The Grand View Hotel, a complex of buildings with a predominant two-storeyed masonry section built up to the footpath line on North Street, is located on the spur leading to Cleveland Point and overlooks water on three sides.

Open verandahs on each level of the two-storeyed section face the street, returning around the northeast elevation. The curved verandah roof is set down below a main roof of hipped perimeter. One chimney rises above the ridges. The verandahs have cast iron balustrade, brackets and valance, alluding to, but differing from, an earlier design. Below the balustrade is a patterned boarded timber frieze. Rear and southwest verandahs are enclosed with flat sheeting.

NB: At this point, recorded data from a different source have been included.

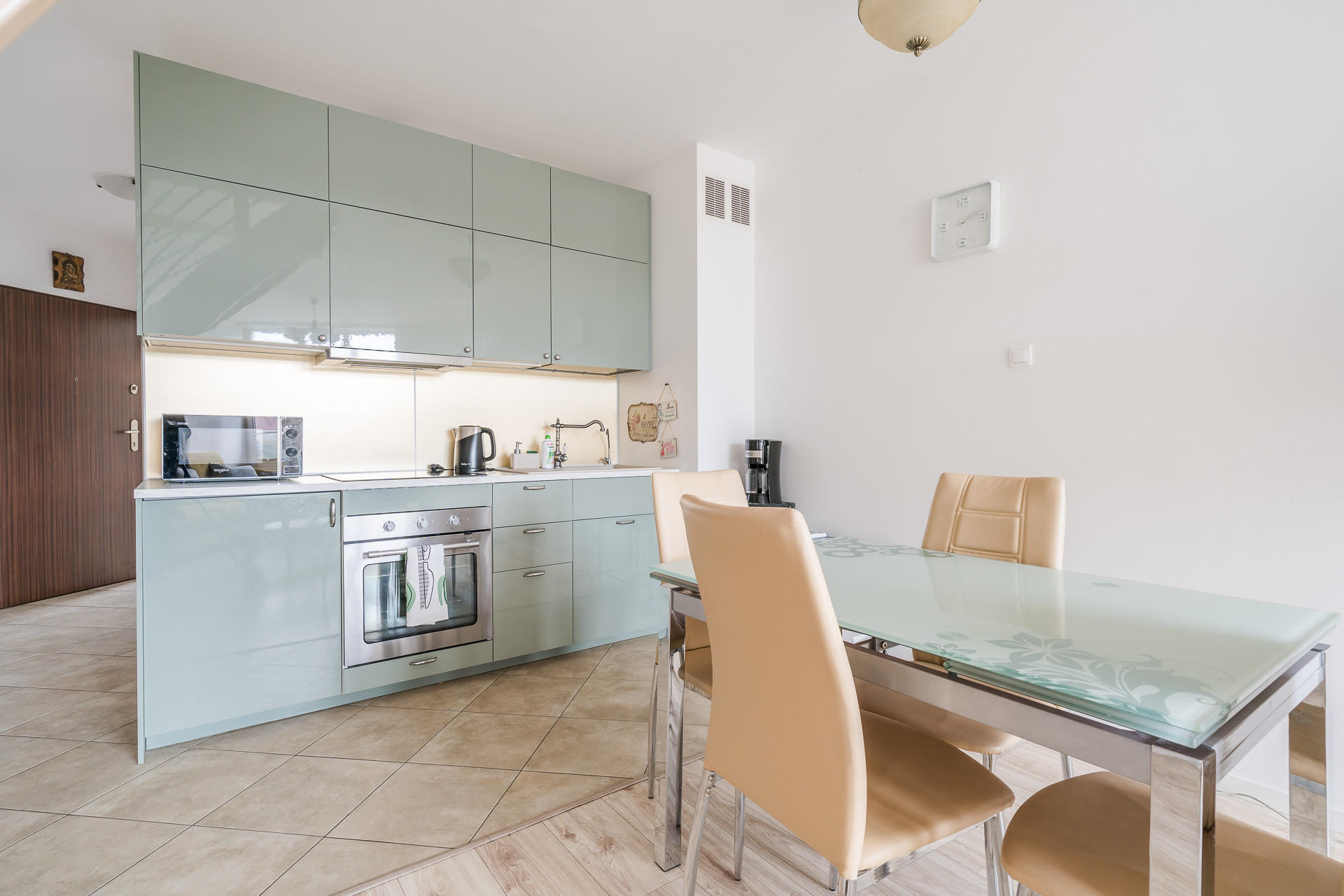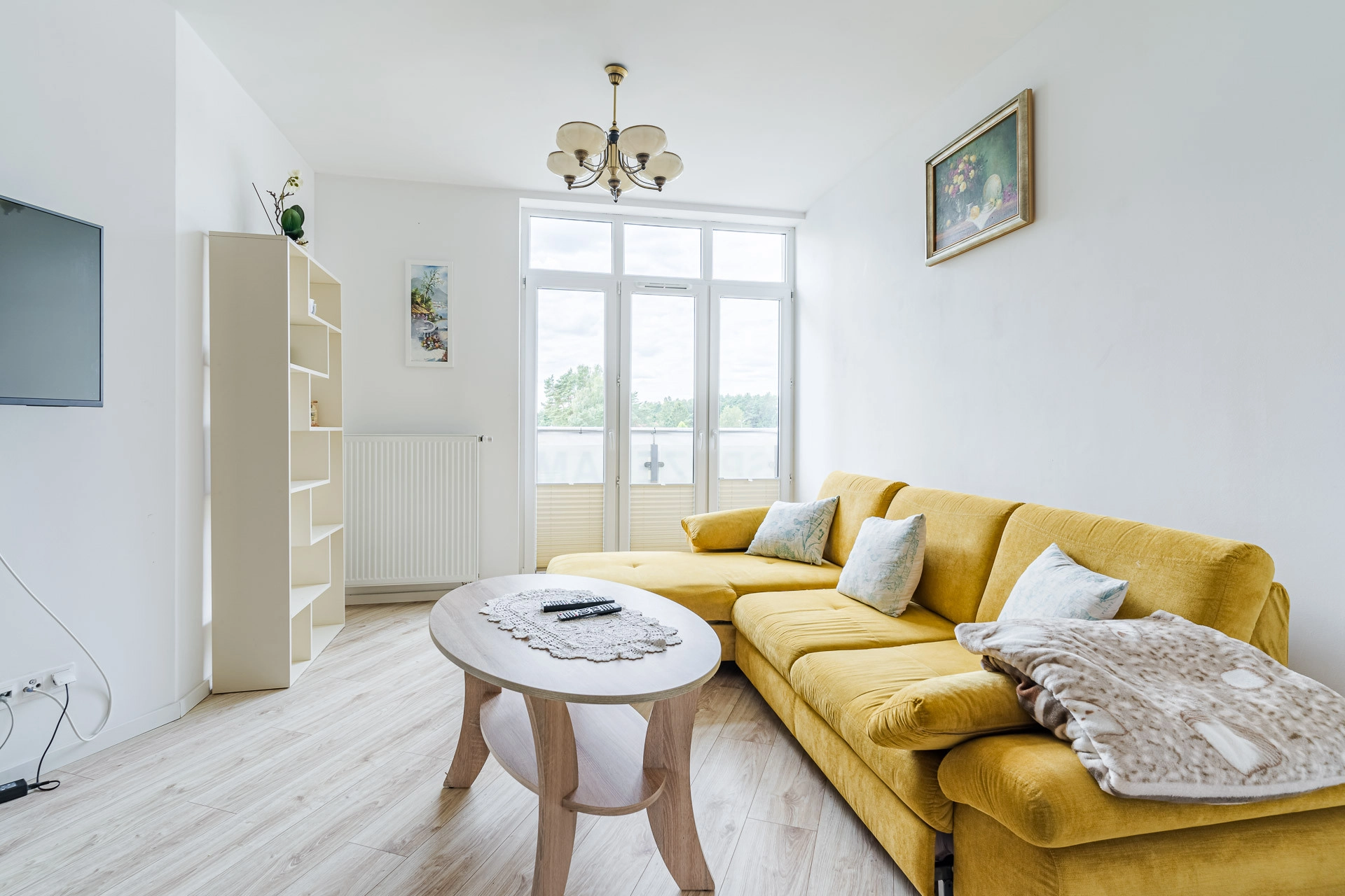Apartament znajduje się w nowoczesnym, kameralnym budynku na zamkniętym i bezpiecznym osiedlu. Dla mieszkańców przewidziano m.in. taras na dachu, z którego rozciąga się widok na okolicę, stanowiący doskonałe miejsce do relaksu i spotkań z przyjaciółmi. Wokół osiedla rozciągają się tereny zielone i lasy, a bliskość morza sprawia, że jest to idealne miejsce zarówno do zamieszkania na stałe, jak i pod inwestycję w najem krótkoterminowy.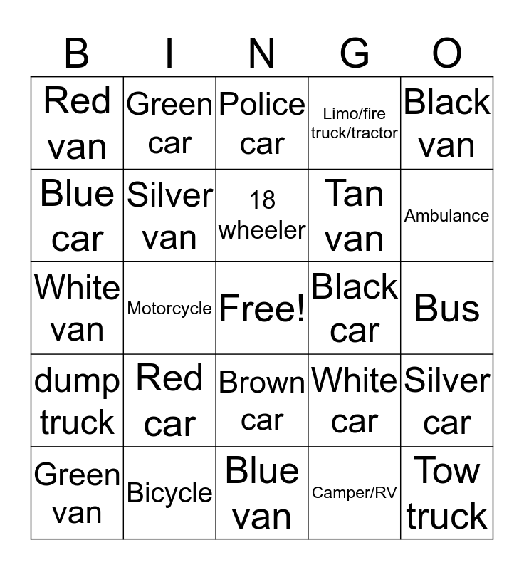 This bingo card has a free space and 25 words: Red car, Blue van, 18 wheeler, Green van, Black van, Red van, Blue car, Green car, Black car, Brown car, Tan van, White van, White car, Silver car, Silver van, Taxi, Bus, Police car, Ambulance, Motorcycle, Tow truck, Bicycle, dump truck, Limo/fire truck/tractor and Camper/RV.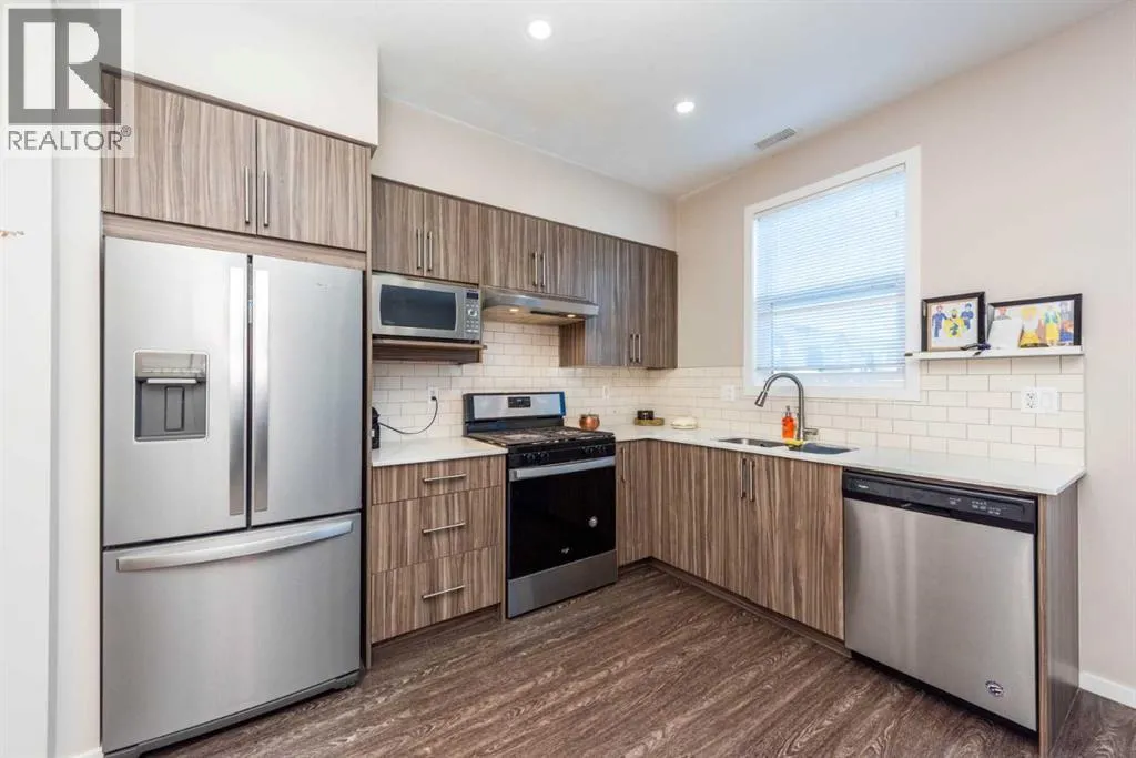 Welcome to the stylish 2-bedroom, 2.5-bath multilevel townhouse in the Jayman âGraniteâ community of Redstone, Calgary NE! This modern, open-concept residence boasts bright, airy living spaces, an efficient layout, and smart design elements throughout.Upstairs youâll find two primary suites, each with its own 4-piece ensuite, and a dedicated laundry area for added convenience. The main levelâs chef-inspired kitchen features sleek slab-style cabinetry, quartz countertops, stainless-steel appliances, and a seamless flow into the dining and living areas â perfect for entertaining or relaxing.Step out onto your private balcony and enjoy views of the communityâs landscaped greenspace. Right in front of the unit, youâll find a kidsâ playground, park space, and convenient visitor parking directly at your doorstep, making it ideal for families and guests alike.The complex offers a generous 20,000 sq ft greenspace, playground, BBQ area, and pergola for resident enjoyment. With an attached garage, private entrance, and location offering quick access to Stoney Trail, Métis Trail, Deerfoot Trail, as well as proximity to CrossIron Mills, Costco, the airport, and future LRT expansion â this home combines comfort, convenience, and value in one of Calgaryâs most desirable and growing communities.Donât miss this opportunity for lock-and-key living in a well-appointed, move-in ready property. (id:27476)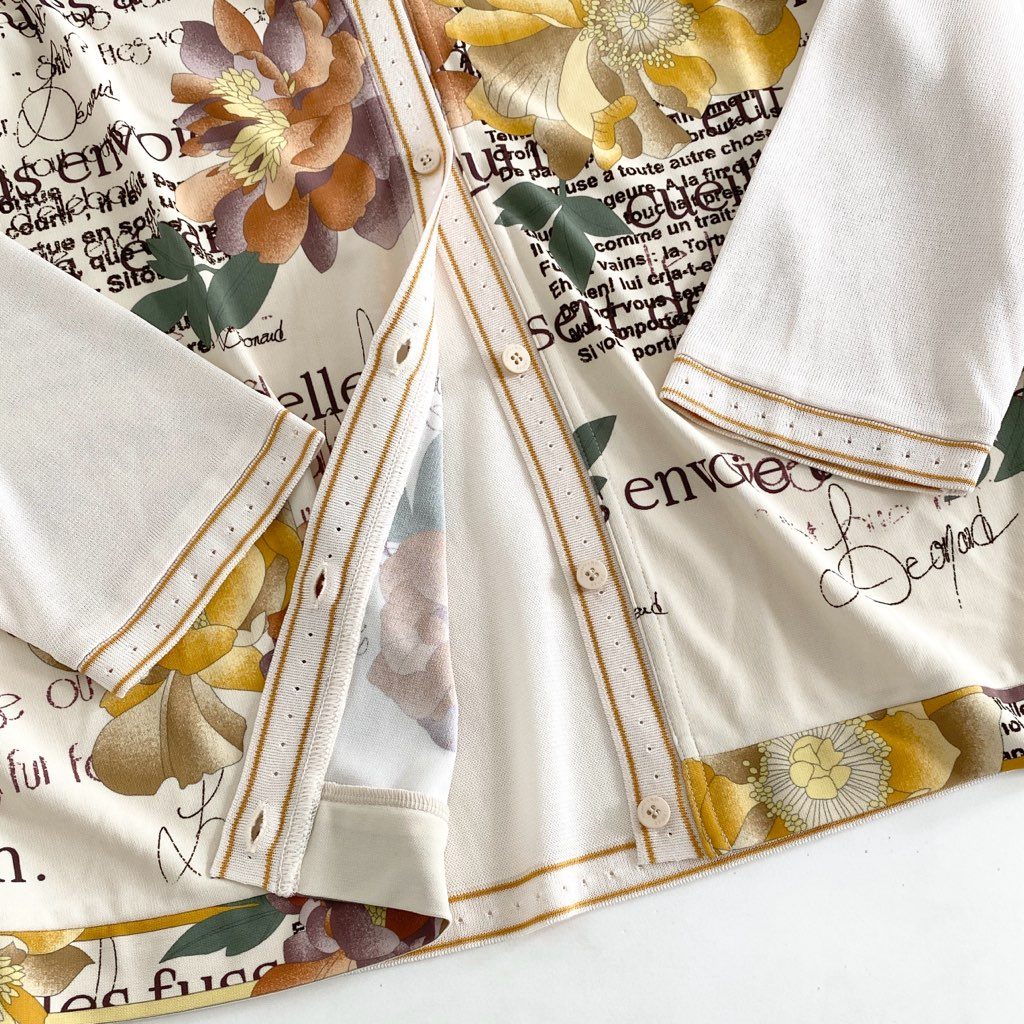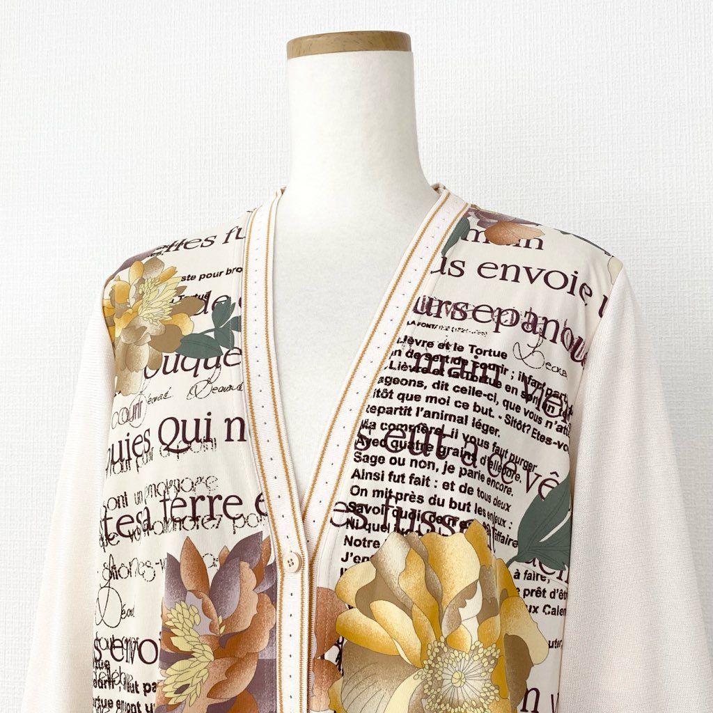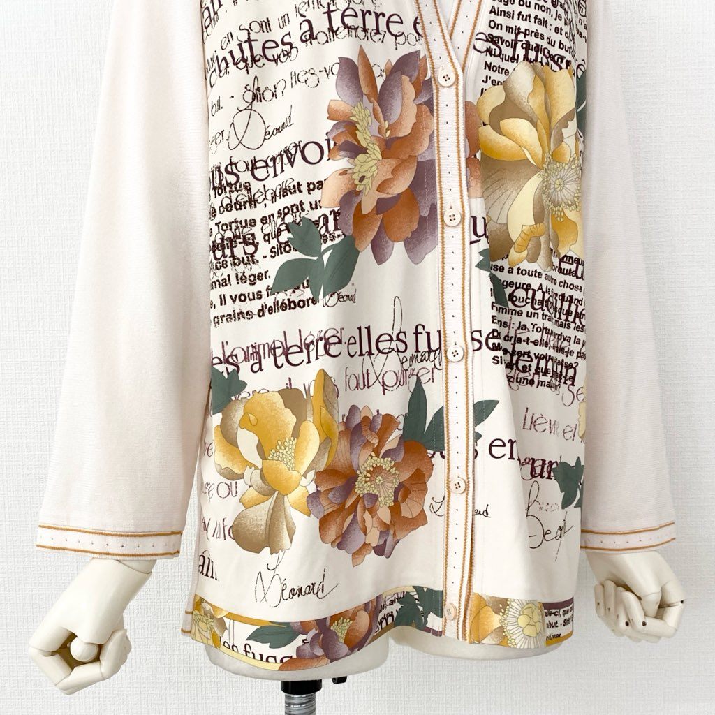 27f20-4 《美品》 大きいサイズ LEONARD SPORT レオナール カンカン素材切替 カーディガン ニットカーディガン 美しい花柄プリント 着丈ゆったり 0568648 サイズ42 マルチカラー レディース 日本製

The principal internal walls are of rendered brick. A wide central hall divides each level. The upper level, structurally intact, includes an ornate fireplace and has been adapted as private living quarters. French doors with fanlights open onto the verandahs, and a spacious stairwell, with painted turned timber balustrade, is lit by skylight through a tapering timber boarded shaft.

The lower level contains reception rooms and a kitchen. A large room with a marble and tiled fireplace opens to the northeast through French doors, with casement windows above, which may date from the 1850s. The main entrance, in the northeast wall, has side lights of clear and red glass with an early stencilled glass fanlight. The main foyer, formerly verandah space, contains some early brickwork free of paint or render.

Abutting the two-storeyed structure, on the southwest face, is a small chamferboard, single-storeyed building with a hipped roof and a separate curved roof over a narrow verandah. It opens on to the beer garden and, internally, a portion of the higher, boarded ceiling remains.

Adjoining these buildings is a complex of rooms, under shallow skillion roofs, surrounded by parapets.

The public bar contains a series of miniature wall paintings depicting local historical events.

== Heritage listing ==
The Grand View Hotel was listed on the Queensland Heritage Register on 21 October 1992 having satisfied the following criteria.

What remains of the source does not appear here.